Mr. Jaikishan Parmar – Sr. Equity Research Analyst, Angel Broking Ltd
“ICICI Lombard reported a good set of numbers for Q2FY21. Gross Direct Premium Income (GDPI) grew 8% YoY and declined 3.4% QoQ. PAT jumped 35% YoY, primarily owing to a Lower claim ratio and better combined ratio. The combined ratio improved by 30bps YoY to 100.1% due to lower claims in motor insurance. Retail health indemnity grew by 39% YoY in H1FY21 (48% YoY in Q2FY21). ICICI Lombard received 17000 covid-19 claims, which led to an outflow of Rs.115cr, if India does not witness the second wave of Covid Case then it will be positive for ICICI Lombard. General insurance segment well placed in the current scenario and ICIC Lombard has required skill set of underwriting, has strong capital to grow business. In current times the indemnity segment will help to improve growth. currently, it trades at 41x of trailing earnings, we have a positive view on ICICI Lombard considering the healthy return ratio and the industry has a structural demand tailwind.”

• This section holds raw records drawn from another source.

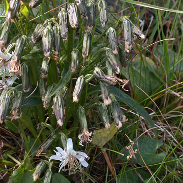 Herbaceous perennial; stems 10-30(-40) cm, glabrous below, villous puberulent above or in the inflorescence; leaves glabrous, pale beneath, entire or merely toothed, the lower with a deltoid or cordate blade 1.5-5 cm long and 1-3 cm wide, exceeded by the petiole; inflorescence narrow, somewhat thyrsoid; heads mostly nodding; involucres 8-12 mm, black or blackish-green, the pigment spots minute and usually crowded; principle bracts 8-11(-13), minutely puberulent at the tip, otherwise glabrous; some of the reduced outer bracts usually at least half as long as the main ones; flowers 9-18, whitish; pappus stramineous; achenes several-ribbed but only obscurely striate.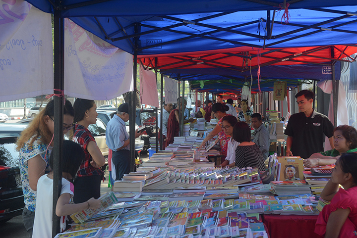 “The Saturday-Sunday Book Street” with some 80 book stalls selling books on Theinbyu Road in Botahtaung Township is crowded with visitors every weekend.
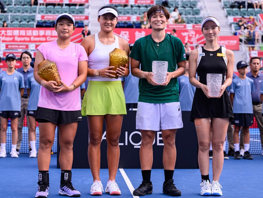 HONG KONG, CHINA - NOVEMBER 2: (L-R) Xinyu Jiang and Yafan Wang of China celebrates with the winners trophy after winning their match against Peangtarn Plipuech of Thailand and Momoko Kobori of Japan during the women's doubles final match on day seven of the Prudential Hong Kong Tennis Open at Victoria Park on November 2, 2025 in Hong Kong, China. (Photo by Marcio Machado/Getty Images)

Shares of ICICI Lombard General Insurance Company Ltd was last trading in BSE at Rs.1254.95 as compared to the previous close of Rs. 1256.45. The total number of shares traded during the day was 7380 in over 983 trades.
The stock hit an intraday high of Rs. 1265 and intraday low of 1241.3. The net turnover during the day was Rs. 9240850.